These fresh additions have an added ‘N’ designation, and apparently, according to the good folks over at Notebookcheck.net, this denotes that the chip in question is made exclusively for Apple. Furthermore, this state of affairs seems to be confirmed by benchmarks that have been spotted for Apple’s new MacBook Pro machines over at Geekbench.
Now, these ‘N’ parts are 28W mobile chips – which was the case with the previously listed Core i7-1068G7 – compared to the rest of these Ice Lake processors which are either 25W or 15W TDP. So the situation is seemingly that Intel is reserving the most powerful 10th-gen Ice Lake CPUs for MacBooks, and that offering this prime silicon to Apple could be a move to help placate the laptop maker.

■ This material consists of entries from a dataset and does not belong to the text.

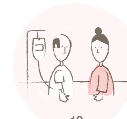
10 Nachsorge durch den Hausarzt sowie regelmässige Chemotherapie-Verabreichung und onkologische Sprechstunde am GZF
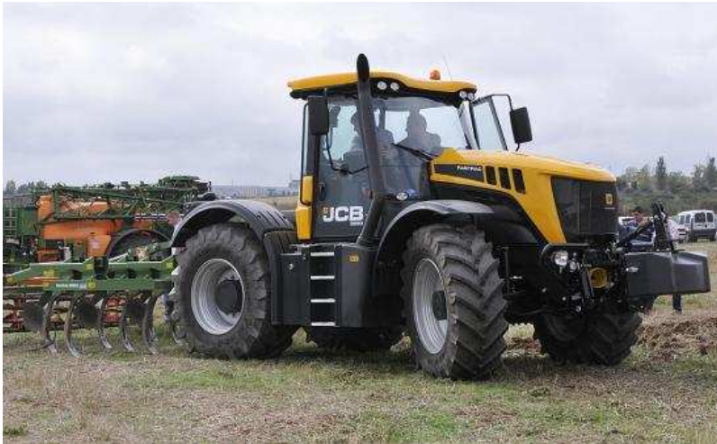
Maquinaria agrícola.
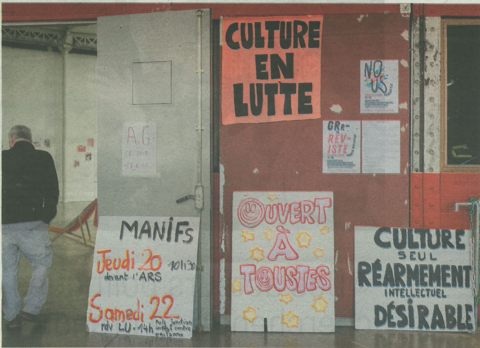
Lors de la mobilisation au Lieu unique, à Nantes, en mars 2025, pour dénoncer les importantes coupes budgétaires des subventions publiques pour la culture de la région Pays de la Loire.

les spectateurs se sont organisés dans un collectif d'usagers du centre culturel (qui comprend le théâtre, la médiathèque et les classes théâtre) et préparent un événement le 1 er février prochain.
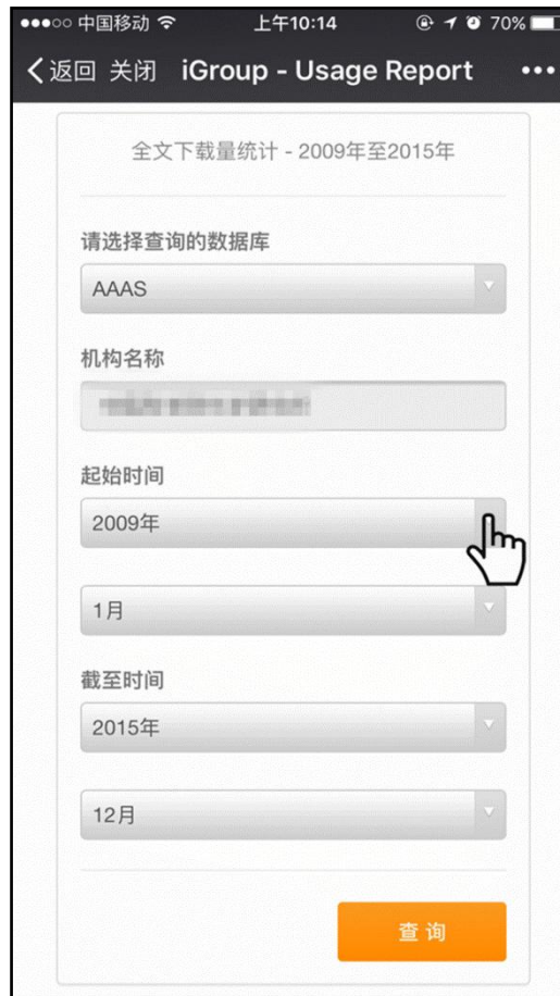
查询数据库使用统计
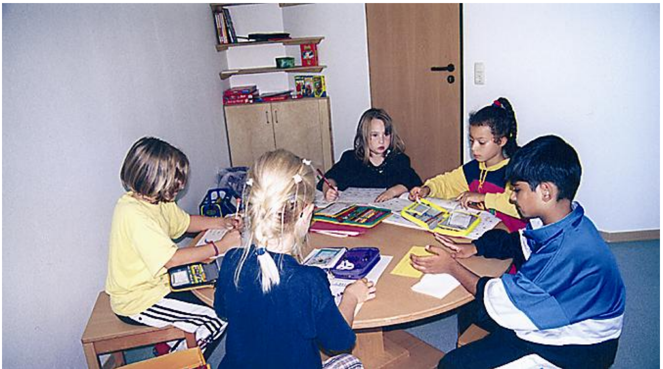
Konzentriert bei den Hausaufgaben in der DRK Kindertagesstätte Nestwerk

Symbole u. gesprochene Worte begleiten die Kinder durch den Alltag. Sie geben Orientierung und dienen der Verständigung.
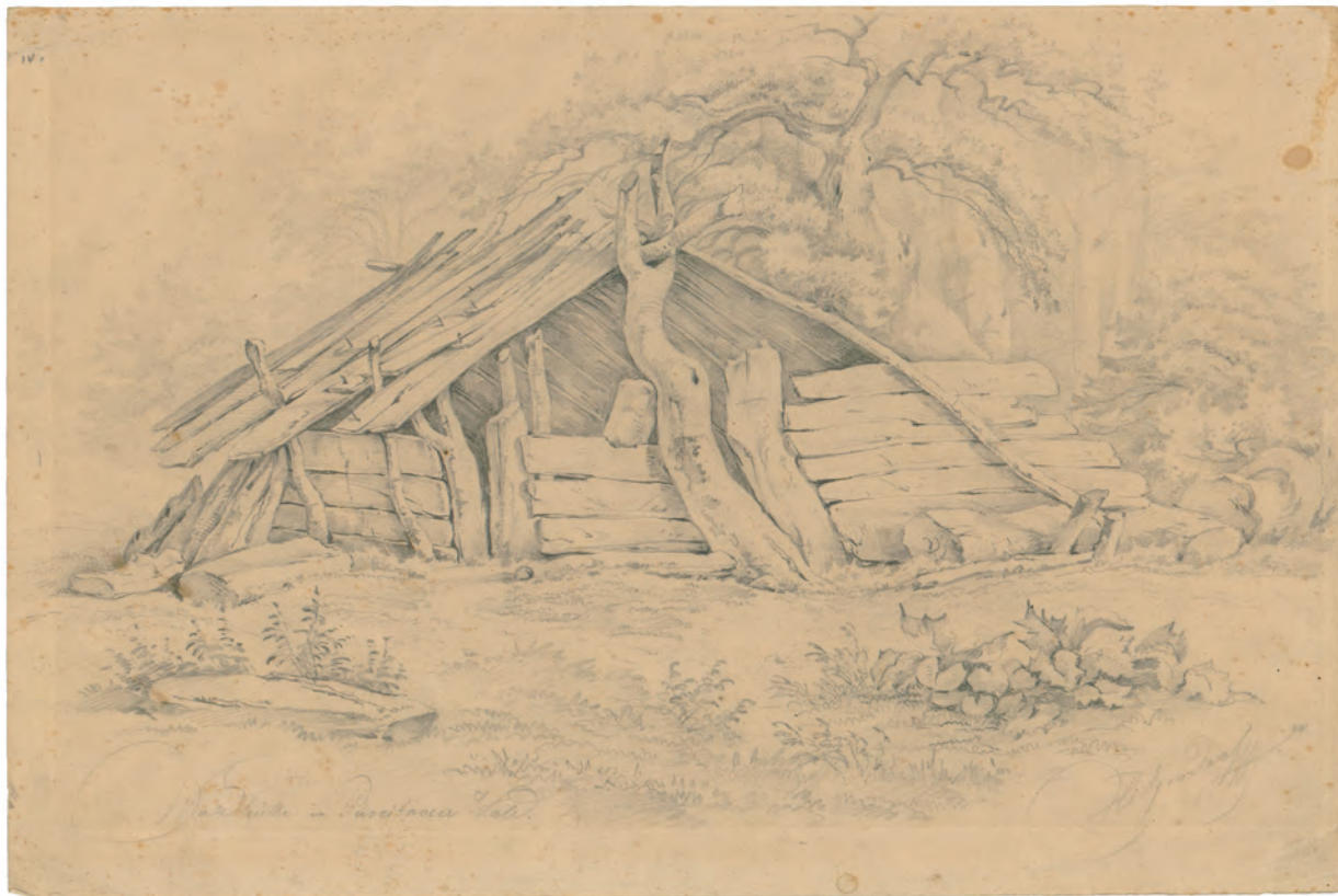
Waldhütte in Punitovcer Wald oko 1845. olovka ; 270 x 383 mm. GZAH 196 hoe 26
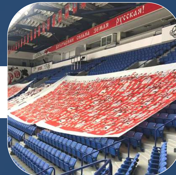
ПЕРЕТЯЖКИ НА СТАДИОН
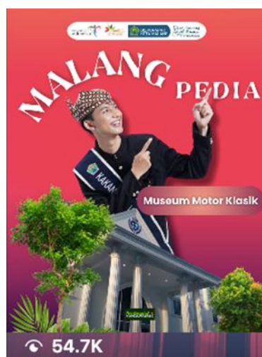
Gambar 4 Bukti Jumlah Views Salah Satu Konten Virtual Tour

Menurut hasil analisis peneliti, sebagai salah satu bentuk Digital Public Relations, Kakang Mbakyu Kota Malang telah menyesuaikan tahapan evaluasi yang dilakukan yaitu dengan melihat bagaimana proses respon yang terjadi di media digital yaitu dengan melakukan pengecekan berkala pada Direct Message, jumlah likes, comment yang diberikan oleh masyarakat, hingga jumlah share. Hal ini tentunya berkaitan dengan bagaimana informasi yang ingin diberikan dapat diterima dengan baik oleh masyarakat, yang juga akan berhubungan dengan citra Kakang Mbakyu maupun Kota Malang itu sendiri.

Remember that Apple has voiced its displeasure at Intel supply problems causing it to lose Mac sales in the past, and there’s been a whole lot of chatter about Tim Cook’s firm switching to use its own custom ARM chips before long.
Of course, we need to bear firmly in mind that we must not get carried away with the theorizing about Intel’s intentions with its Ice Lake processors here, and all this is mere speculation on our part.
That said, it’s far from a wild proposition that this could be part of some move by Intel to keep Apple’s business, which certainly makes sense on a basic level. And furthermore, we could possibly see more of this kind of strategy being employed in the future. Assuming it works, of course: because there are doubtless those who would argue that it might be in danger of being too little, too late, between the threat of custom ARM silicon – or indeed hugely competitive AMD Ryzen mobile offerings.